#### Records provided
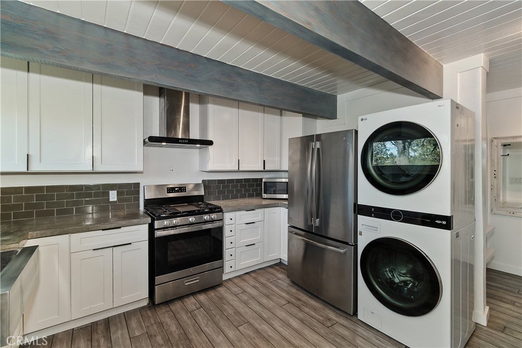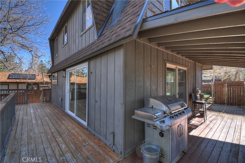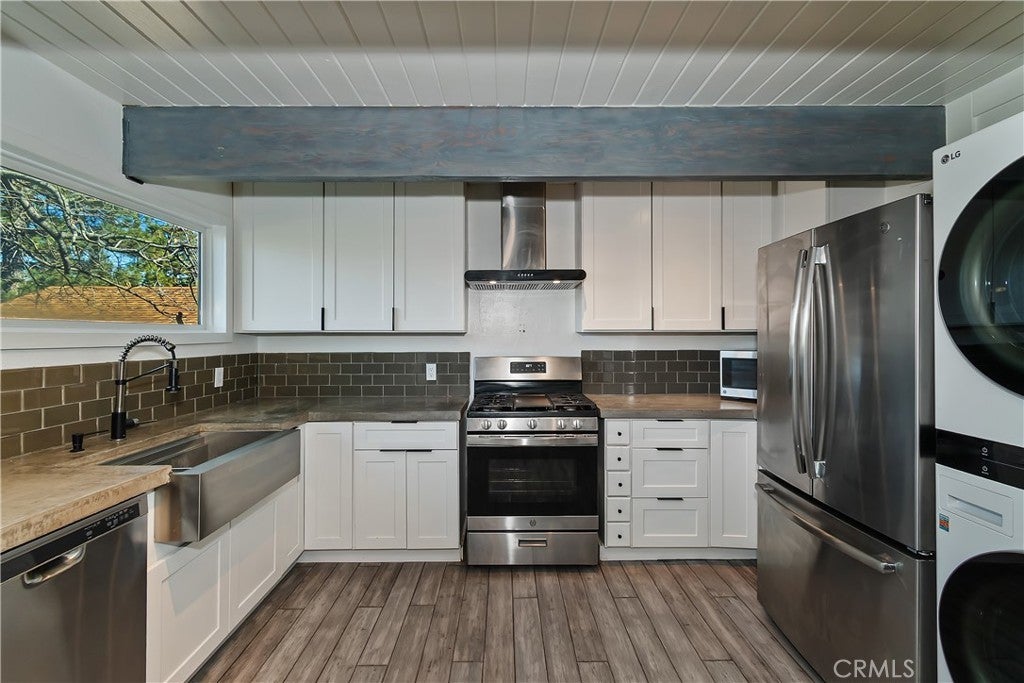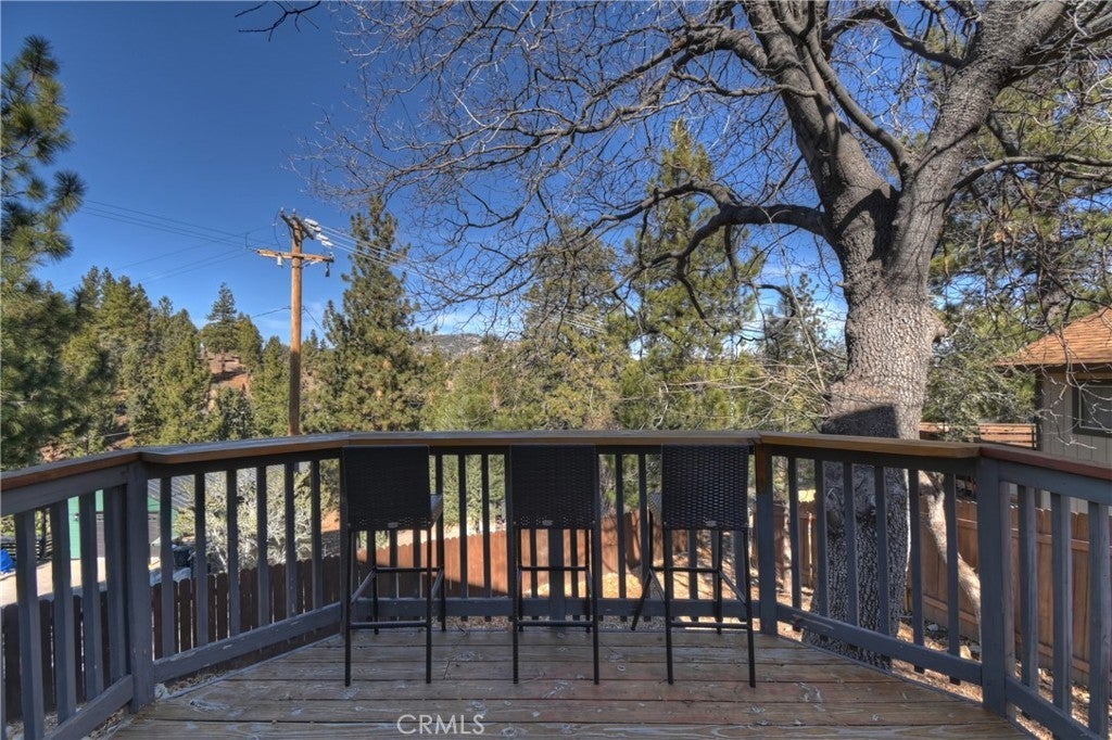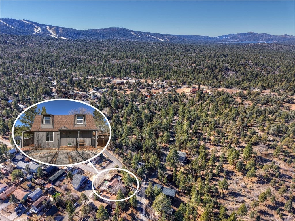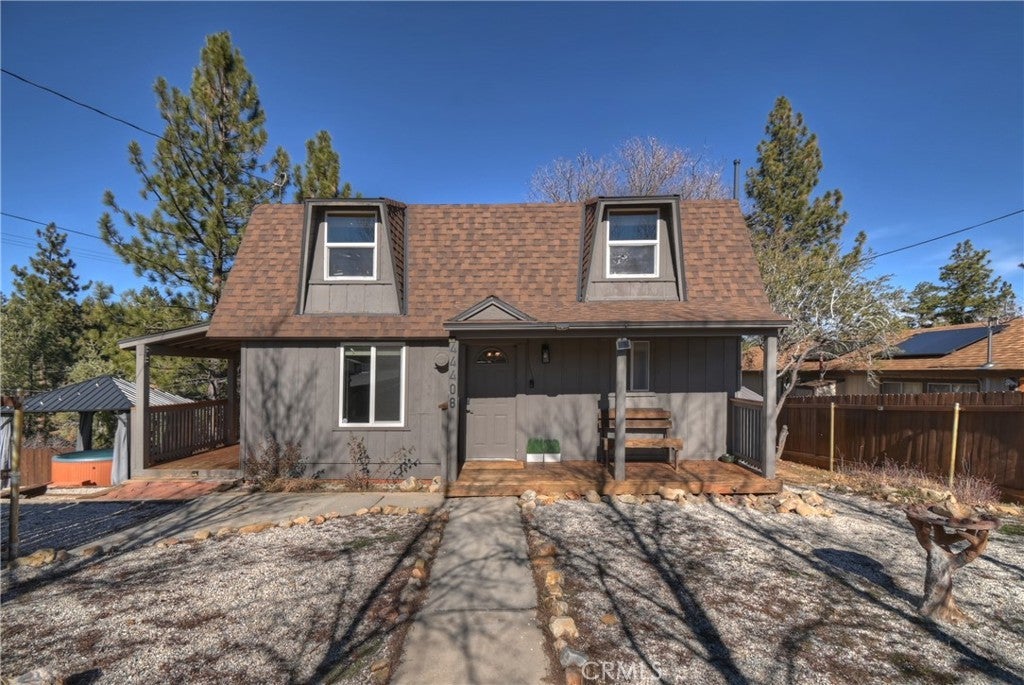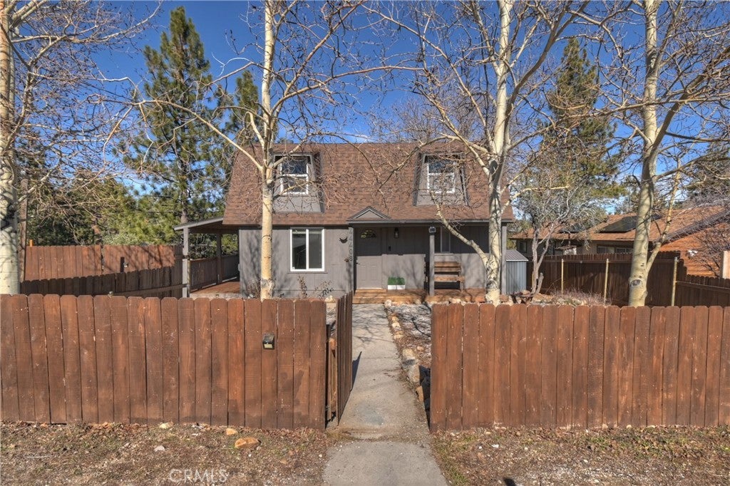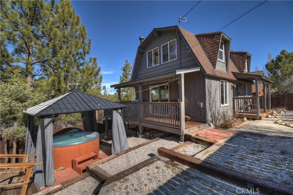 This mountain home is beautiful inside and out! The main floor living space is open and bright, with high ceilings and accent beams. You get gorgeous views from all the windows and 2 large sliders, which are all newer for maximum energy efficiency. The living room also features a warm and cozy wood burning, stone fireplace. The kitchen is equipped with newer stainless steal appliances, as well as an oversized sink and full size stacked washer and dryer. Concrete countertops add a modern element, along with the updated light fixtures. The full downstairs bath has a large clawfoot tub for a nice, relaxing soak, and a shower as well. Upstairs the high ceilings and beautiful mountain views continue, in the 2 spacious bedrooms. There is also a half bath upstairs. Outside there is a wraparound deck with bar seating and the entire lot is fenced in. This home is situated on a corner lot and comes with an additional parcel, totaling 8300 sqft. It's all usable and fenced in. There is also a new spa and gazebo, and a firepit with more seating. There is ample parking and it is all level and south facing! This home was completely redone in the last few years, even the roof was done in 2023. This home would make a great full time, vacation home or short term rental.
########
#### Records provided
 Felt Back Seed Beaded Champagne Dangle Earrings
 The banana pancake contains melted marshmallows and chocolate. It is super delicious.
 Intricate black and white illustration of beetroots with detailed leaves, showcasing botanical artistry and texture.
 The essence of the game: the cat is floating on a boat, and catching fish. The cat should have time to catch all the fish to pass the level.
########
*What this task involves*.
Referring to the material above, set down exactly the lines between the line with "The banana pancake" and the line with "Intricate black and", inclusive, and no other lines.

*Result of this exercise*.
 The banana pancake contains melted marshmallows and chocolate. It is super delicious.
 Intricate black and white illustration of beetroots with detailed leaves, showcasing botanical artistry and texture.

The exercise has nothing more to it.